Kelly opened his mouth a couple of times to respond but he couldn't even think of how, he glared at the State's Attorney and asked, "What do you mean by that?"

"Part of the reason some rape victims don't come forward is they are able to experience arousal and even orgasm during their assault, which is always misconstrued by the defense as proof of consent. Cardoza clearly experienced several orgasms while he was raping Casey, but Casey never even..."

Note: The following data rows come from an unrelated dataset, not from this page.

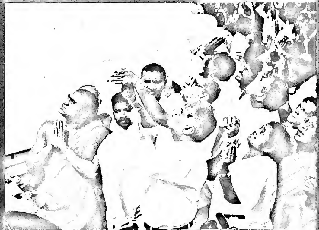
කොත විවර මෙනවා - දහම් සිහිවිලි ජෝරෙ සනවා
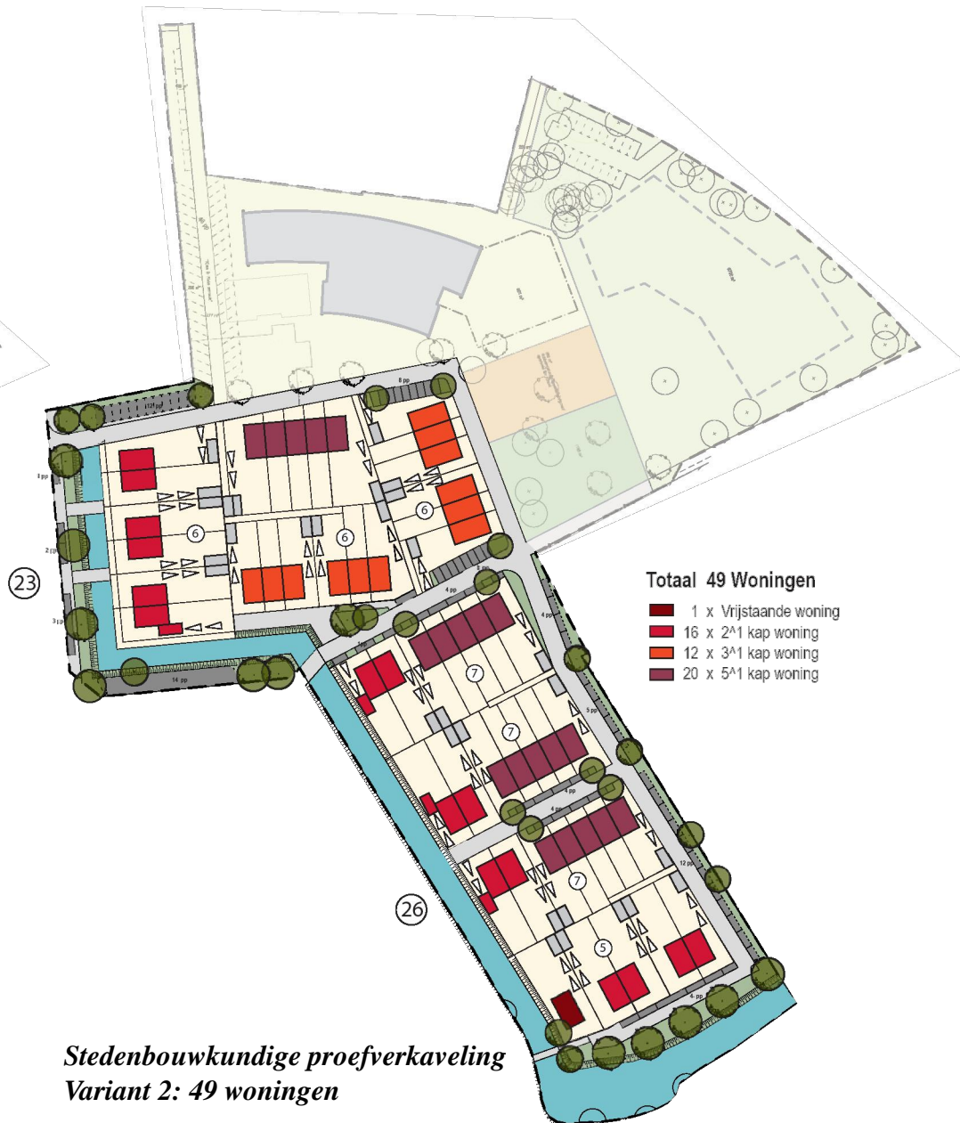
Stedenbouwkundige proefverkaveling Variant 2: 49 woningen
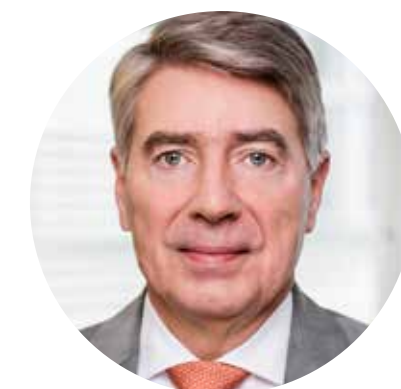
Han Steutel Verband forschender Pharma-Unternehmen (vfa)
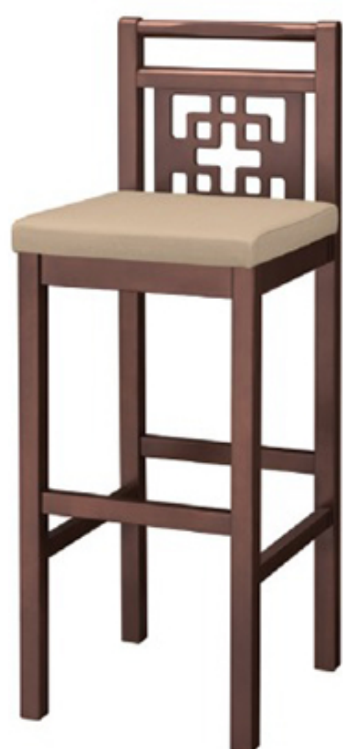
2140-2686 青島 D スタンド椅子 張地: マニエラ L-6359 (C)
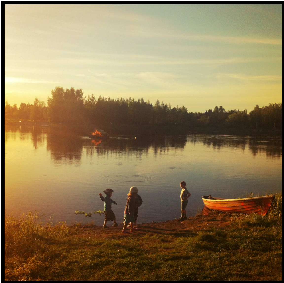
Kiikan Jokisivun Lauttaranta (kuva: Piia Jaatinen).
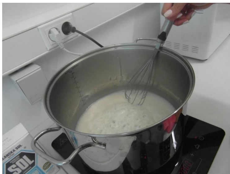
Slika 16. Kuhanje šećera i mlijeka (Janković, 2019.)

Prvi korak u izradi čokolade od kobiljeg mlijeka je nauljiti i zagrijati posudu. Zatim se odvažuje 1 del mlijeka i \frac{1}{2} kg šećera. Šećer i mlijeko treba kuhati dok se šećer ne otopi i smjesa ne bude vrela (Slika 16.). Smjesu treba maknuti s vatre i dodati 250 g kobiljeg mlijeka u prahu (Slika 17.) i 50 g kakaa (Slika 18.) koje smo prethodno pomiješali (Slika 19.). Potrebno je brzo miješati jer se smjesa brzo stegne. Nakon miješanja potrebno je dodati 250 g kokosove masti (Slika 22.), te dodatno miješati dok se kokosova mast ne otopi (Slika 23.). Gotovu smjesu treba uliti u kalupe i ostaviti da se stegne (Slika 24.).
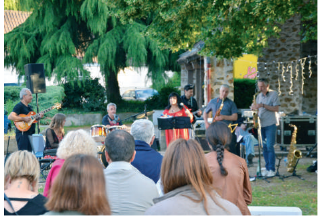
La Fête de la musique 2019 à Vauhallan

Pour participer , il vous suffit de vous inscrire auprès du service animation de la mairie avant le lundi 17 mai 2021 à communication@vauhallan.fr en précisant : nom du musicien/groupe, email, numéro de téléphone, nombre de musiciens, style musical, musique acoustique ou amplifiée en autonomie.
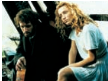
44. Kamenný most The Stone Bridge 1996
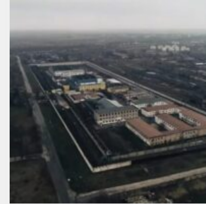
Російські загарбники перетворили Бердянську колонію № 77 на катівню для українців
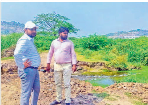
చెరువును పరిశీలిస్తున్న కమిషనర్ షేక్ రిజ్వాన్ బాషా

వరంగల్, అక్టోబర్ 17 : భద్ర కాళీ చెరువులోకి మురుగునీరు చేరకుండా ప్రత్యేక చర్యలు తీసుకోవాలని గ్రేటర్ కమిషనర్ షేక్ రిజ్వాన్ బాషా అధికారులను ఆదేశించారు. మంగళవారం ఆయన భద్రకాళీ చెరువు ప్రాంతాన్ని క్షేత్ర స్థాయిలో పరిశీలించారు. జయ నర్సింగ్ కాలేజీ సమీపం నుంచి చెరువులోకి మురుగు నీరు రాకుండా పనులు మొదలు పెట్టాలని అన్నారు. చెరువు ప్రాంతంలోని గుంతలు పూడ్చివేయాలన్నాడు. ఎఫ్ఐటీఎల్ ప్రాంతాన్ని గుర్తించి, సమగ్ర నివేదిక అందజేయాలని టౌన్ ప్లానింగ్ అధికారులను ఆదేశించారు. కమిషనర్ వెంట సిఎంహెచ్ఎం డాక్టర్ రాజేశ్, తదితరులు ఉన్నారు.
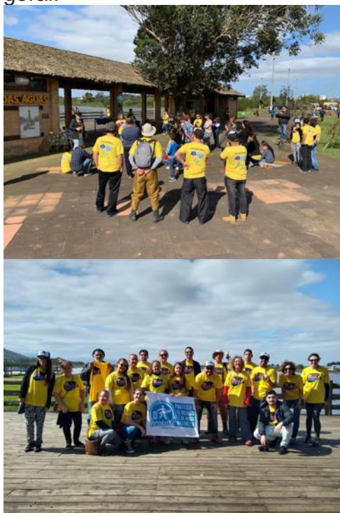
Imagem: Ação Comunitária. Limpeza de Lagoa.

Valores Ética; Excelência; Valorização do Ser Humano; Sustentabilidade; Otimização de recursos; Transparência.
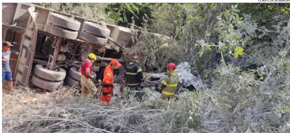
CORPO DE BOMBEIROS

No último sábado (26), seis pessoas morreram e uma ficou ferida em um grave acidente envolvendo um carro, um caminhão e uma carreta na BR-251, em Francisco Sá (MG). Todas as vítimas fatais estavam no carro que ficou completamente destruído. Segundo as primeiras informações do Corpo de Bombeiros, testemunhas contaram que o caminhão carregado com gesso descia a Serra de Francisco Sá quando perdeu os freios, invadiu a contramão e bateu de frente com o carro, que estava na frente da carreta.
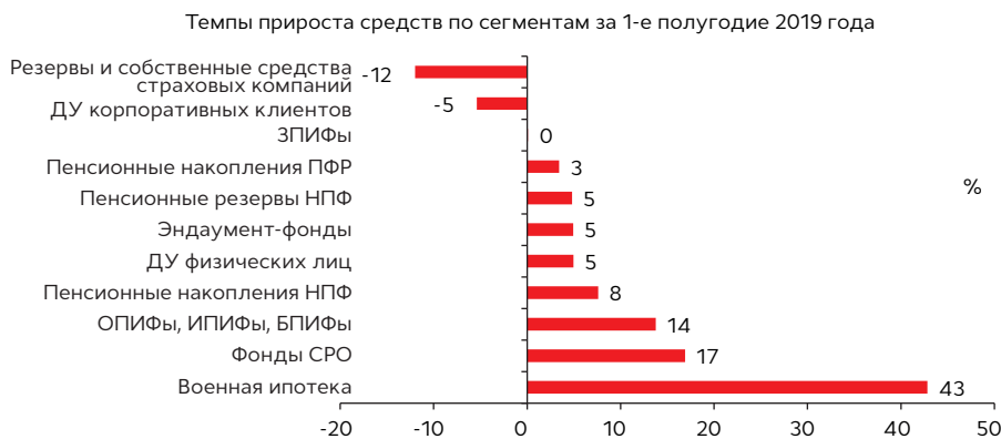
График 3. 1- 2019
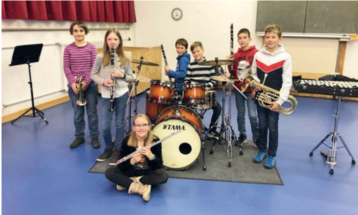
Erleichterung nach der praktischen Prüfung
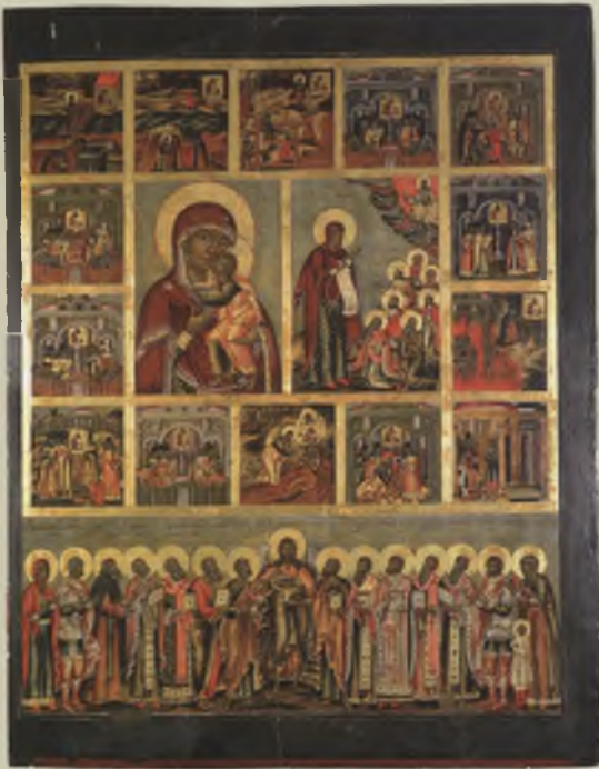
Икона «Богородица Толгская и Боголюбская». XVII в. УКМ
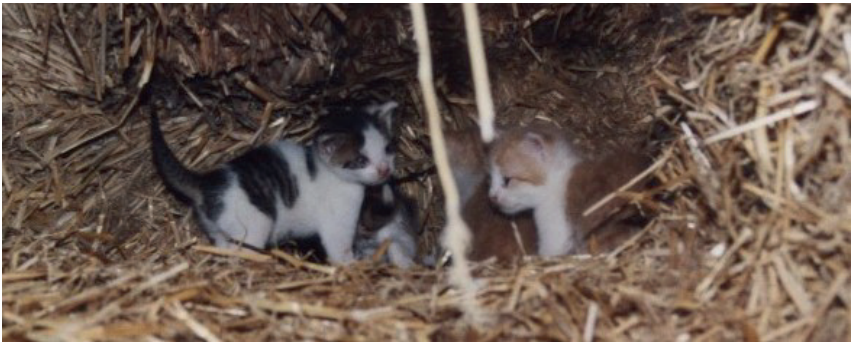
Dort hatten ihre Kinder fantastische Spielmöglichkeiten.

Sie wollte mir zeigen, dass eines ihrer Jungen aus diesem Nestausgang und mehr als zwei Meter heruntergefallen war. Ein unglaublich schönes, gerade mal zehn bis fünfzehn Zentimeter langes Wesen, zudem ein „Glückskätzchen“. So nennt man dreifarbige Katzen. Diese sind immer weiblich. Die Kleine, die sie mir zeigte, war rot, weiß und schwarz gemustert. Und sie war zutraulich. Ich konnte sie also in die Hand nehmen, auf den Wagen steigen und sie wieder ganz oben in den Ausgang des Nestes setzen, wo schon alle drei anderen standen und auf ihr Geschwisterchen wartete. Alle waren sehr schöne kleine Wesen, entweder rötlich-weiß gemischte oder grau-weiß gefleckte Kitten. Na ja, bei der Mutter!

Kelly jumped up from his seat and just about grabbed Stone by the throat. Peter looked up at him, not even flinching. Kelly lowered his hands and sat back down.

"Your testimony is half of this case, Severide, if I'm actually going to put you on the stand, I need you to control your urge to strangle the defense," Stone told him.

"Is that why you're dragging this hearing out to two days?" Kelly asked.

"It wouldn't hurt to make sure you had another day to get your head on straight. You plan to be in the courtroom when Matt testifies?"

"Yes," Kelly answered in a 'well duh!' tone.

"You're already going to be riled up hearing him recall it, then the defense will tear every detail apart, I need you to come in with a cool head and not emotionally react to anything he does, just stick to the facts."

"I will," Kelly said as he got up, "I need to go. What time do you want us?"